> [Supplied data]
»»

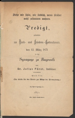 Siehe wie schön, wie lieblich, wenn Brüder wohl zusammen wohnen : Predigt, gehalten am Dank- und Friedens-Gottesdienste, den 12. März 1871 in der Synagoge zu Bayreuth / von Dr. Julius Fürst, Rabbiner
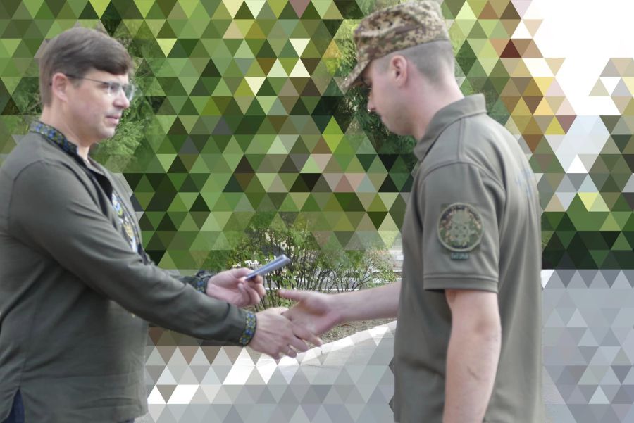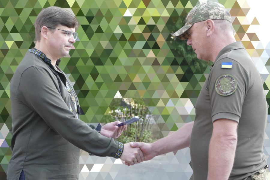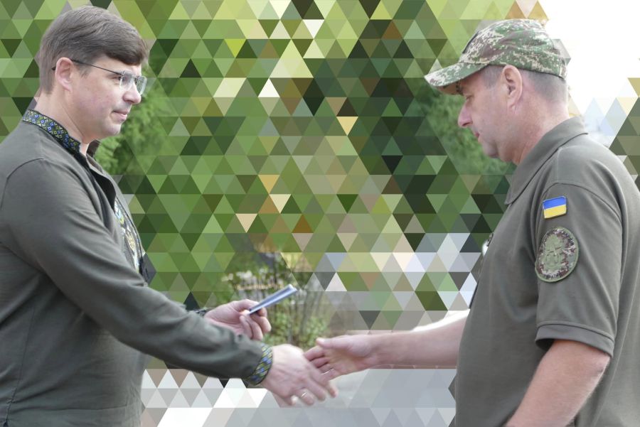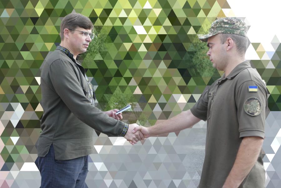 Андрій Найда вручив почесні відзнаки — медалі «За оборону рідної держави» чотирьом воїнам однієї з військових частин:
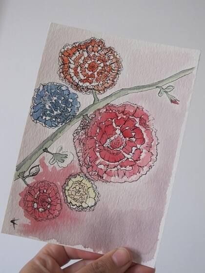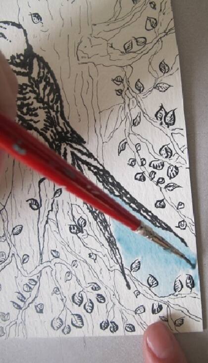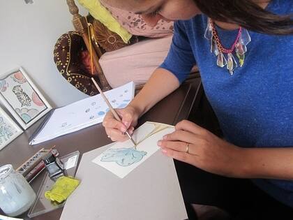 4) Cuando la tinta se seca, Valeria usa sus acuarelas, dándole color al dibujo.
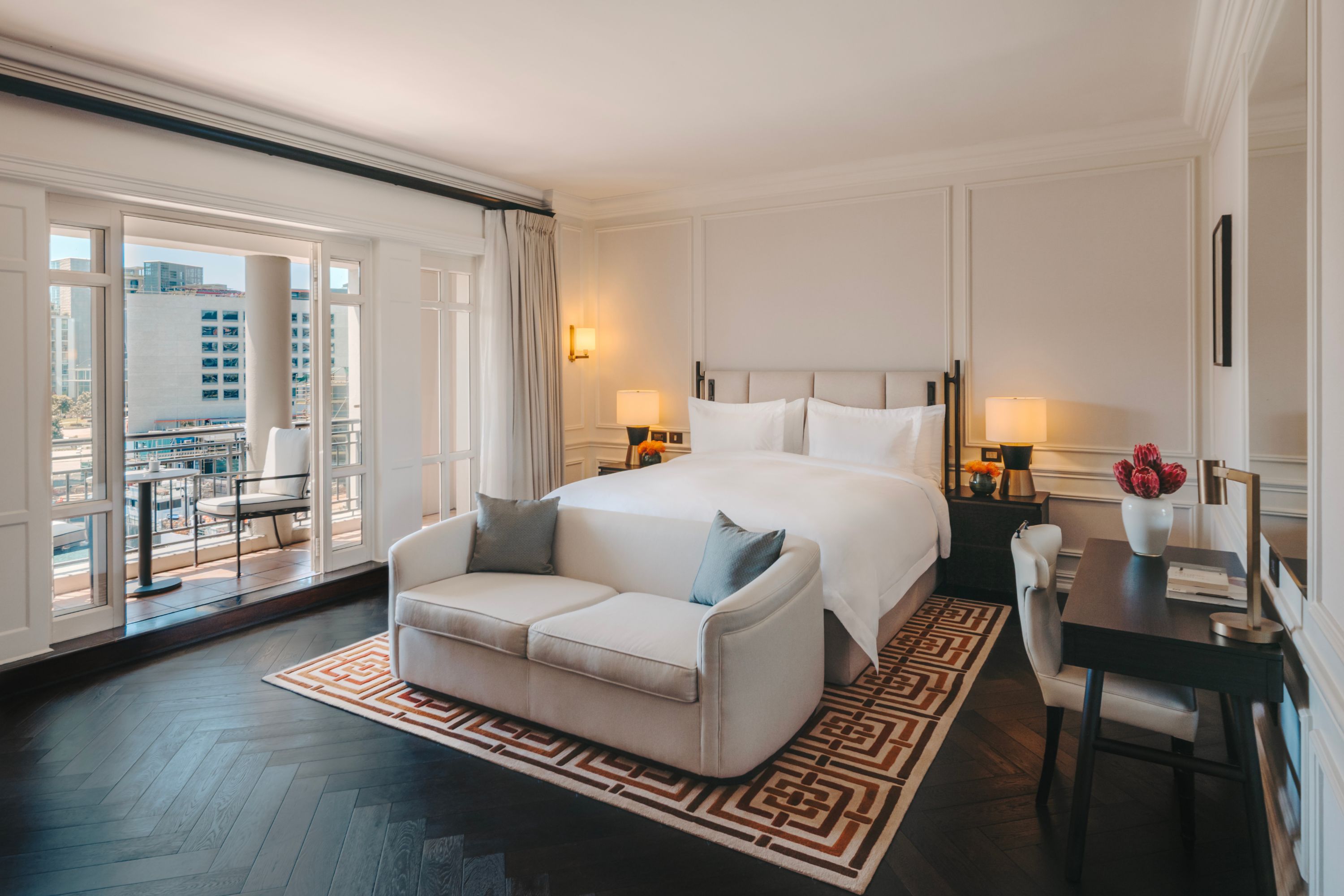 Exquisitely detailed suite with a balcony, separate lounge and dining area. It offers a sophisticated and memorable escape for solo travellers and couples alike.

««

> [Exercise directions] Leave out the pictures and set down all of the data exactly.

> [Response area]
 Siehe wie schön, wie lieblich, wenn Brüder wohl zusammen wohnen : Predigt, gehalten am Dank- und Friedens-Gottesdienste, den 12. März 1871 in der Synagoge zu Bayreuth / von Dr. Julius Fürst, Rabbiner
 Андрій Найда вручив почесні відзнаки — медалі «За оборону рідної держави» чотирьом воїнам однієї з військових частин:
 4) Cuando la tinta se seca, Valeria usa sus acuarelas, dándole color al dibujo.
 Exquisitely detailed suite with a balcony, separate lounge and dining area. It offers a sophisticated and memorable escape for solo travellers and couples alike.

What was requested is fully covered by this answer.